– Что ты делаешь? – вскричала та, а ребенок от всей души расхохотался:
– Впеле-е-ед… ессь… ессь…
– Отпусти. Брат, она… непонятная…
Охотник поднялся с места и подошел к ним. Девочка тут же приняла самый смиренный вид. Она отпустила волосы женщины и улыбнулась ему во всю ширь своего рта. Едва он отошел, она пнула ножкой людомару по руке и уже двумя руками вцепилась в прядь ее волос.
– Ай! – встрепенулась та. – Пусти же!
– Говори громче. Пасмасы плохо слышат… очень плохо, – пережевывая куски мяса, проговорил охотник.
Бросив часть еды иисепу, он пошел собираться в дорогу.
Войдя в удлиненный угол одной из двух комнат, Сын Прыгуна протянул руку и вытащил толстое древко. Древко оканчивалось виловидным наконечником, состоявшим из двух острых как бритва кинжалов. Это был знаменитый людомарский хар. Традиционное оружие, которое выделяло людомаров из всех олюдей. Его толстое древко содержало внутри себя два небольших дротика и ниус – плевательную трубку, с помощью которой в тишине Чернолесья находила свою кончину мелкая дичь.
Покончив со сборами, он вышел вон, призвал иисепа и отправился в путь даже не распрощавшись с людомарой, занятой борьбой с цепкими ручонками пасмасского детеныша.
***
То, что посоветовал ему Светлый, не шло ни в какое сравнение со всеми задачами, которые людомару доводилось выполнять до этого момента. Оказалось, что отстроить донад – это не такая уж и легкая задача. На это потребуется очень много времени, учитывая те особые меры безопасности, которые должен предпринять людомар, чтобы уберечь свой дом от омкан-хуутов и гигантских змеев.

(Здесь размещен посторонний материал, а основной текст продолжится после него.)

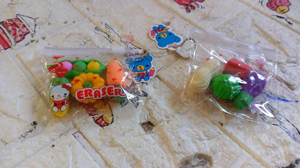 - 3D Fancy Colorful Erasers kit is the best return gift options for children, School prize, birthday gifts. All the items in the kit are completely useful. Gifting this multipurpose stationary set to your favourte kid will be a wonderful delight.
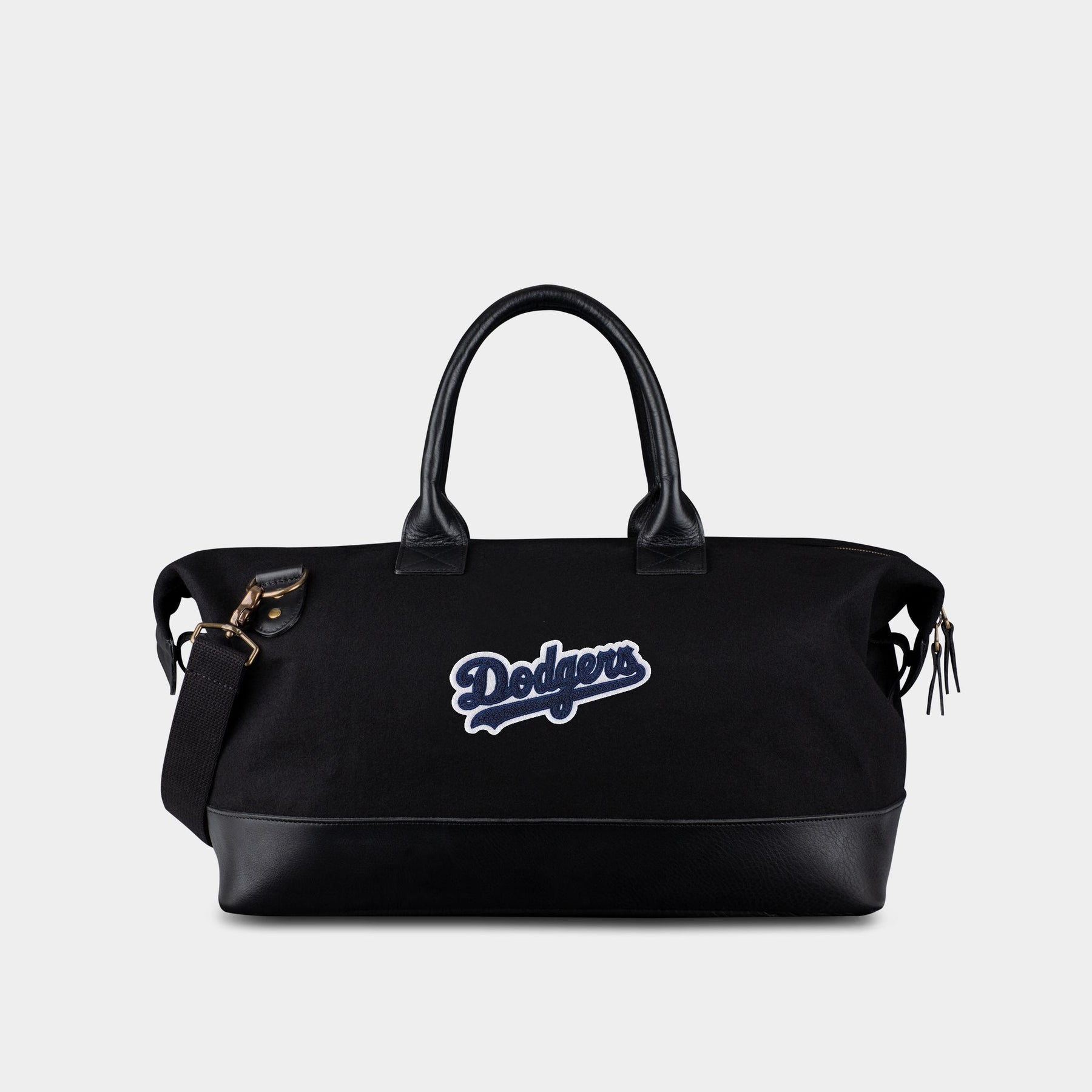 One of the iconic global brands in any sport, the Dodgers have been and continue to be a team for the ages. From Ebbets Field to Dodger Stadium. PeeWee Reese to Jackie Robinson, Sandy Koufax and Don Drysdale to Mookie Betts, Freddy Freeman and Ohtani, the Dodgers are a collection of legends. The Dodgers “Script” Weekender is made of sustainable melton wool from one of the oldest mills in the USA and features the Dodger “Script” logo in blue chenille handsewn on Dodger Blue wool. Crafted to last a lifetime, the Dodger “Script” Weekender has full-grain leather, double lock stitching, solid zippers and metals. It’s perfect for travel, spontaneous weekend adventures, and as a gift for the die-hard Dodger fan in your life. This bag features a zippered interior pocket, twill cotton lining throughout, and only gets better with time.

Сначала предстояло сделать самое простое: найти дерево-мек, на котором расположится донад, затем пойти в Глухие леса и раздобыть там взрослого окрунистого паука, после этого разыскать растения под названием крацирик и чапа, и только потом начать возводить дом.
Больше всего не нравилось людомару то, что Светлый указал ему переселиться ближе к Редколесью. Хотя там и больше пищи, но в Редколесье любой охотник чувствовал себя неуверенно, так как людомары привыкли к тесноте чащобы, полутьме и безмолвию. В редкие минуты, когда не нужно было идти на охоту или делать иные дела, Сын Прыгуна любил понежиться в гамаке, созданном из искусно переплетенных веток верхней кроны мека.
Бескрайнее сине-зеленое море колыхалось в те моменты прямо под ним, а он плыл в тишине его мощи, спокойной и безмятежной. В такие моменты в душе людомара поселялся тот особый вид покоя, который можно смело назвать вечным. Сотни звуков и запахов мерно вплывали в его голову. Он ловил их, делил или складывал, и составлял из них невообразимые букеты образов.